SUPPLIED MATERIAL
= = = = = = =

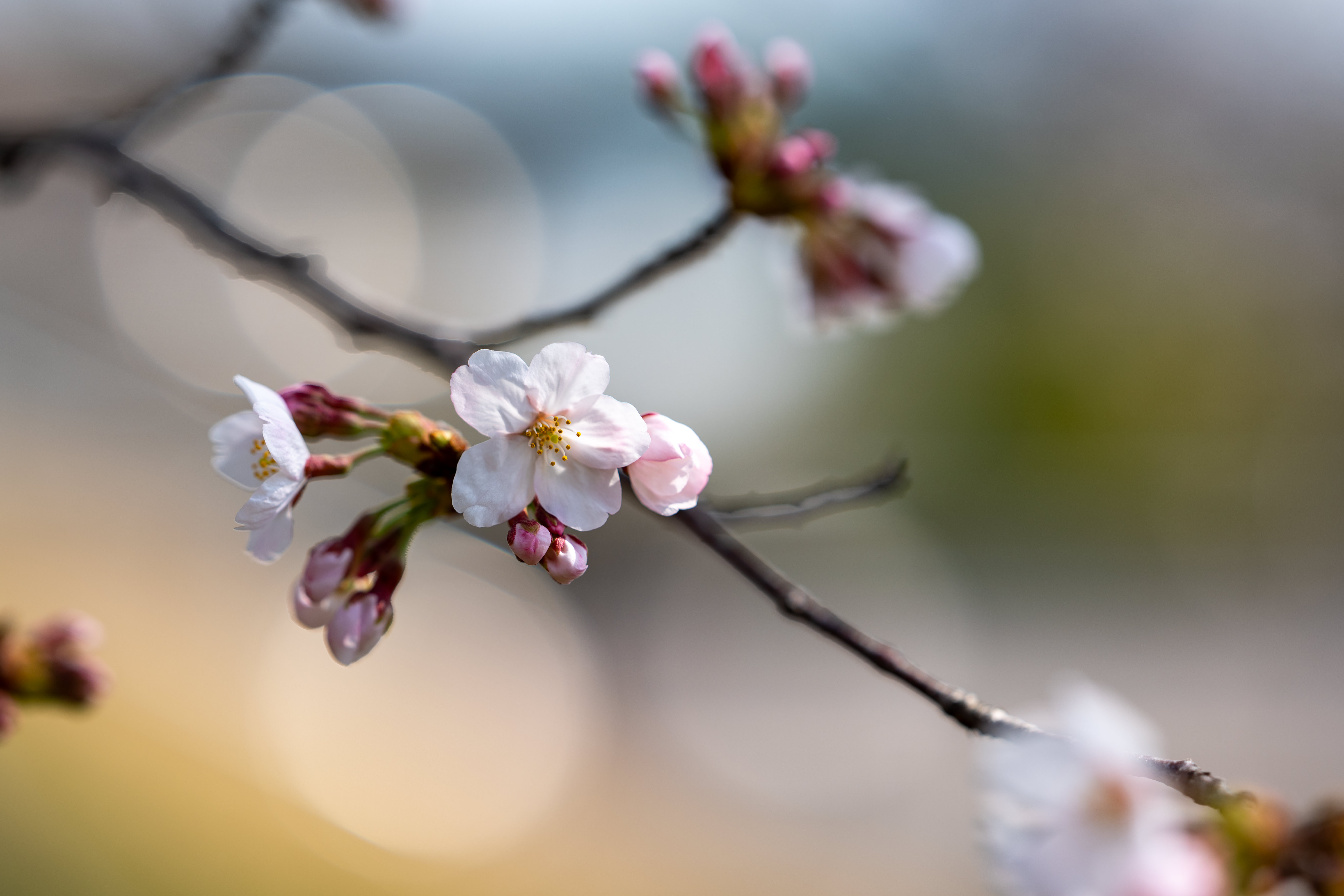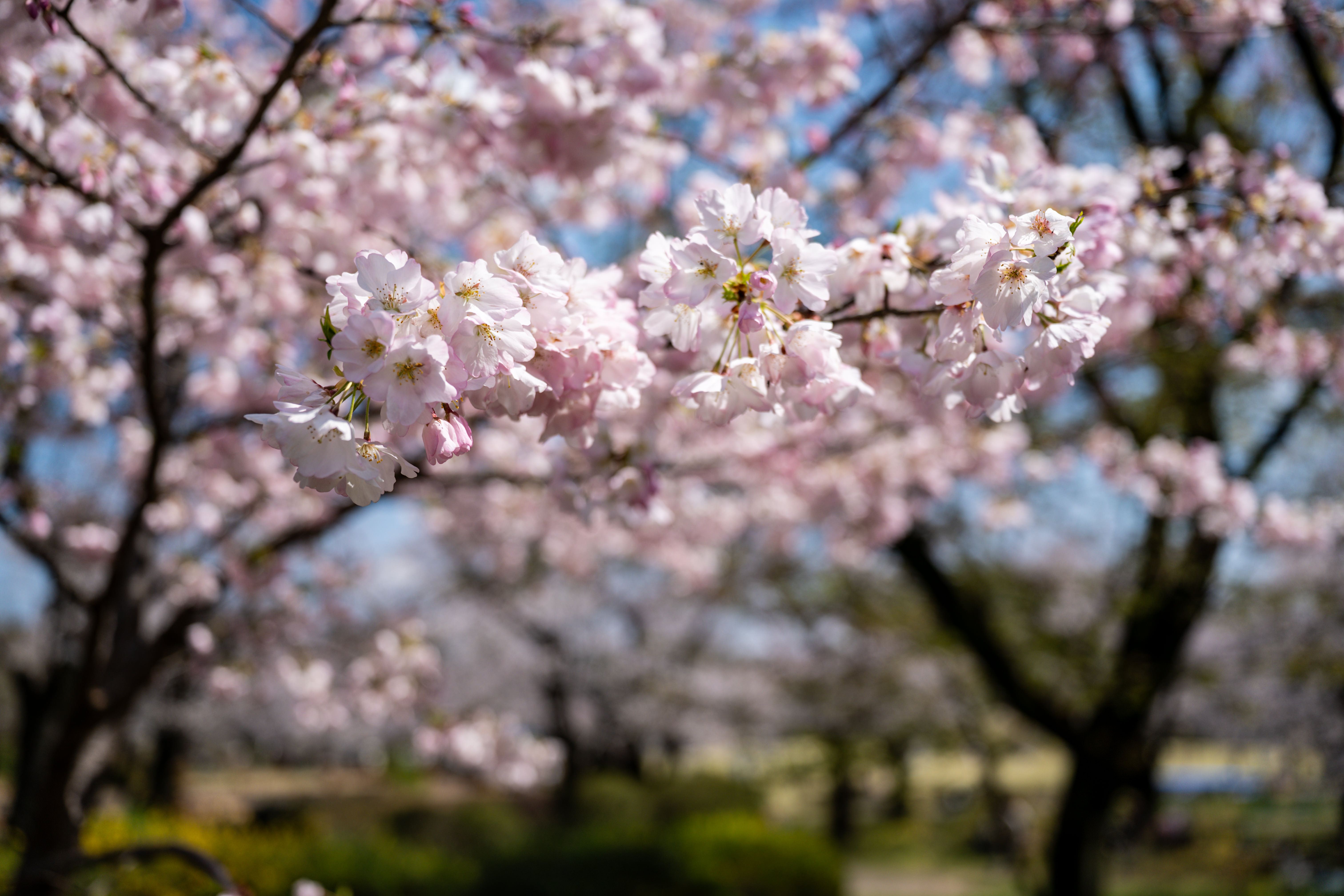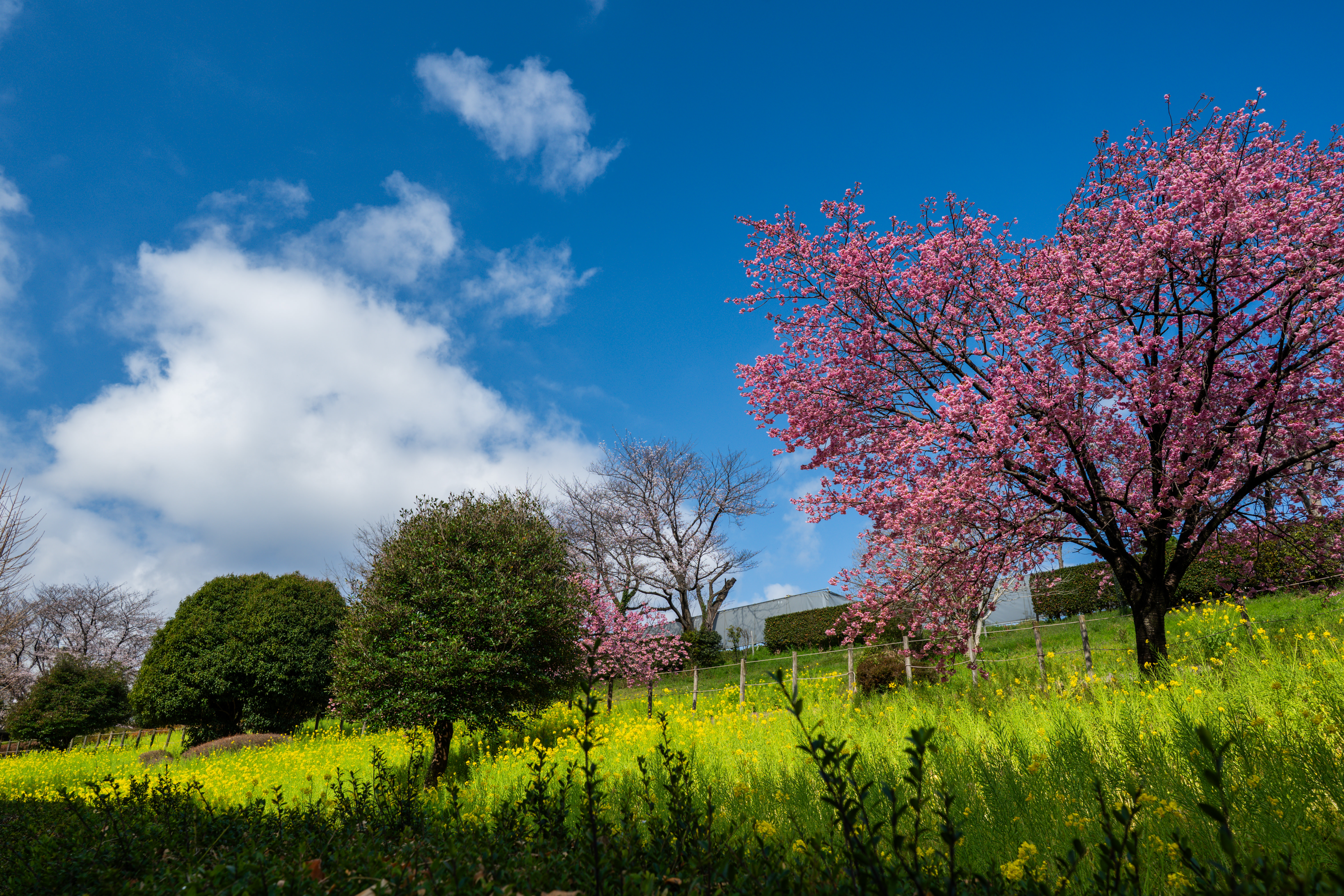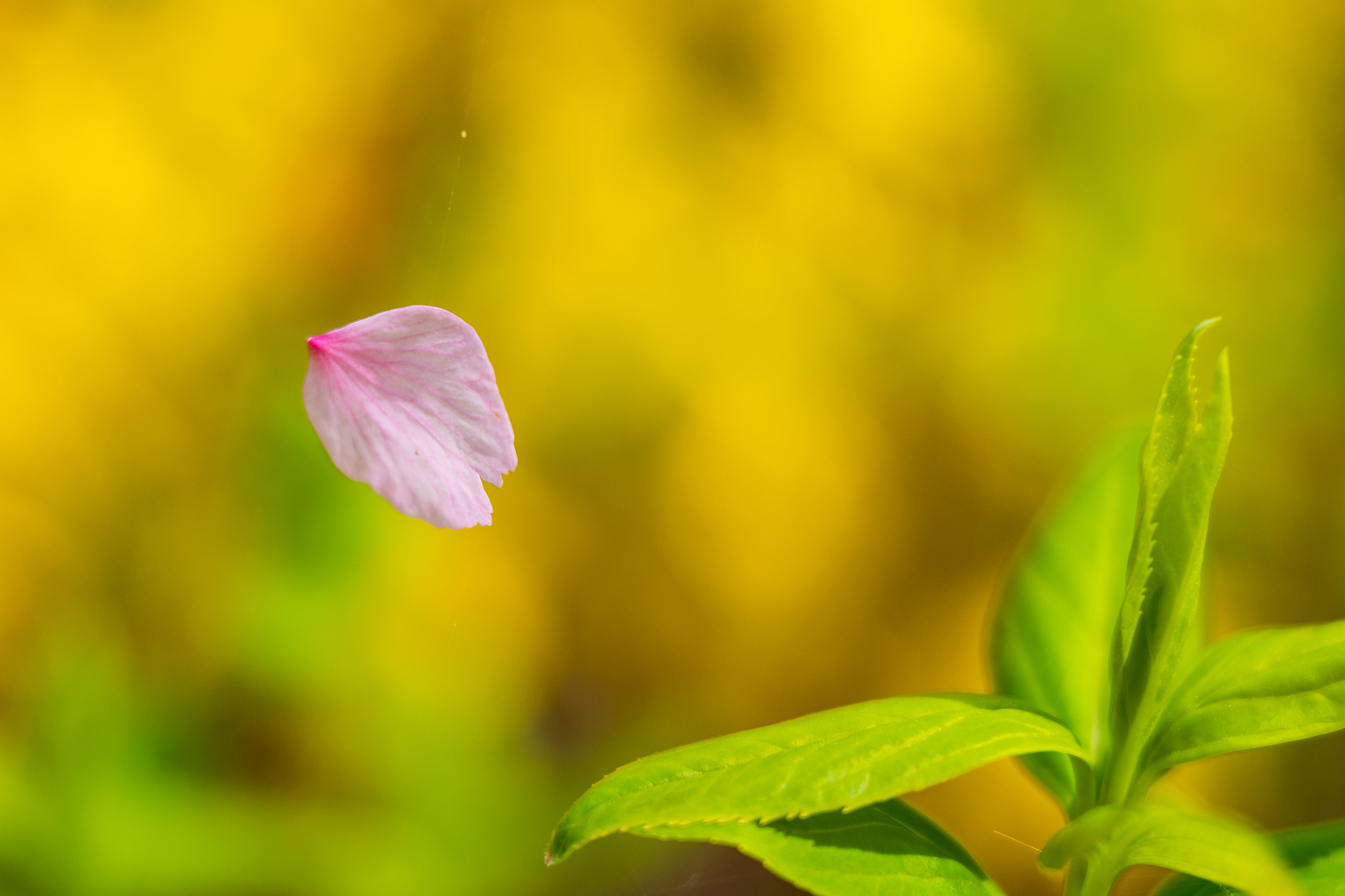 菜の花畑に張られた蜘蛛の巣にちょうど引っかかった桜の花びらを一枚。
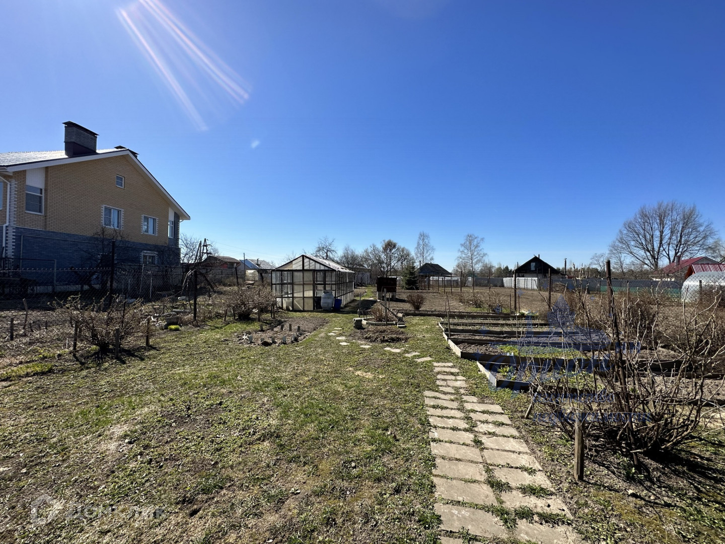 Земельный участок правильной геометрической формы, сухой и плодородный. Вместительная теплица и много солнечного света для хорошего урожая. Есть садик с плодовыми деревьями, малина. Дополнительно на участке построена беседка для отдыха и русская баня.
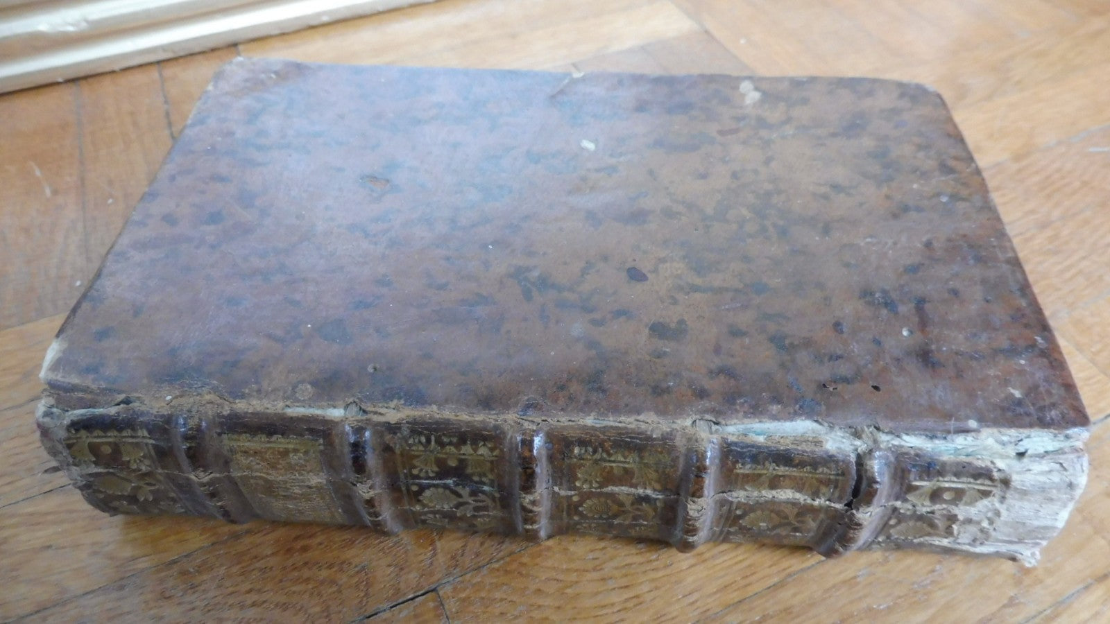 Plein veau du temps. Dos orné, 5 nerfs et pièce de titre, épidermures, coiffe rognée, manque à la queue (voir photo). Mors fendus, solidaires néanmoins. Plats en état d'usage, quelques manques. Tranches sanguine. Intérieur correct.

= = = = = = =

Would you please set down the listing above exactly, minus its images?

ANSWER AREA
 菜の花畑に張られた蜘蛛の巣にちょうど引っかかった桜の花びらを一枚。
 Земельный участок правильной геометрической формы, сухой и плодородный. Вместительная теплица и много солнечного света для хорошего урожая. Есть садик с плодовыми деревьями, малина. Дополнительно на участке построена беседка для отдыха и русская баня.
 Plein veau du temps. Dos orné, 5 nerfs et pièce de titre, épidermures, coiffe rognée, manque à la queue (voir photo). Mors fendus, solidaires néanmoins. Plats en état d'usage, quelques manques. Tranches sanguine. Intérieur correct.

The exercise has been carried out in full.